UPDATE: for the curious, here follow the source code snippets for clojure.string/reverse in both Clojure (v1.4) and ClojureScript
; clojure:
(defn ^String reverse
"Returns s with its characters reversed."
{:added "1.2"}
[^CharSequence s]
(.toString (.reverse (StringBuilder. s))))
; clojurescript
(defn reverse
"Returns s with its characters reversed."
[s]
(.. s (split "") (reverse) (join "")))
OK, so it would be easy to roll your own function with apply inside, or use a dedicated version of reverse that works better (but only) at strings. The main things to think about here though, is the arity (amount and type of parameters) of the str function, and the fact that reverse works on a collection.
(doc reverse)
clojure.core/reverse
([coll])
Returns a seq of the items in coll in reverse order. Not lazy.
This means that reverse not only works on strings, but also on all other collections. However, because reverse expects a collection as parameter, it treats a string as a collection of characters
(reverse "Hello")
and returns one as well
(\o \l \l \e \H)
Now if we just substitute the functions for the collection, you can spot the difference:
(str '(\o \l \l \e \H) )
"(\\o \\l \\l \\e \\H)"
while
(str \o \l \l \e \H )
"olleH"
The big difference between the two is the amount of parameters. In the first example, str takes one parameter, a collection of 5 characters. In the second, str takes 5 parameters: 5 characters.
What does the str function expect ?
(doc str)
-------------------------
clojure.core/str
([] [x] [x & ys])
With no args, returns the empty string. With one arg x, returns
x.toString(). (str nil) returns the empty string. With more than
one arg, returns the concatenation of the str values of the args.
So when you give in one parameter (a collection), all str returns is a toString of the collection.
But to get the result you want, you need to feed the 5 characters as separate parameters to str, instead of the collection itself. Apply is the function that is used to 'get inside' the collection and make that happen.

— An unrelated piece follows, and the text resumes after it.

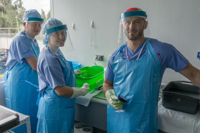 ordon Giesbrecht (Lay Person), Nicole Masson (Student), and Steve Chevalier (Lay Person) decontaminate instruments immediately following a surgical procedure

(apply str '(\o \l \l \e \H) )
"olleH"
Functions that handle multiple separate parameters are often seen in Clojure, so it's good to realise when and why you need to use apply. The other side to realize is, why did the writer of the str function made it accept multiple parameters instead of a collection ? Usually, there's a pretty good reason. What's the prevalent use case for the str function ? Not concatenating a collection of separate characters surely, but concatenating values, strings and function results.
(let [a 1 b 2]
(str a "+" b "=" (+ a b)))
"1+2=3"
What if we had a str that accepted a single collection as parameter ?
(defn str2
[seq]
(apply str seq)
)
(str2 (reverse "Hello"))
"olleH"
Cool, it works ! But now:
(let [a 1 b 2]
(str2 '(a "+" b "=" (+ a b)))
)
"a+b=(+ a b)"
Hmmm, now how to solve that ? :)
In this case, making str accept multiple parameters that are evaluated before the str function is executed gives str the easiest syntax. Whenever you need to use str on a collection, apply is a simple way to convert a collection to separate parameters.
Making a str that accepts a collection and have it evaluate each part inside would take more effort, help out only in less common use cases, result in more complicated code or syntax, or limit it's applicability. So there might be a better way to reverse strings, but reverse, apply and str are best at what they do.
Apply, like reverse, works on any seqable type, not just vectors, so
(apply str (reverse "Hello"))
is a little shorter. clojure.string/reverse should be more efficient, though.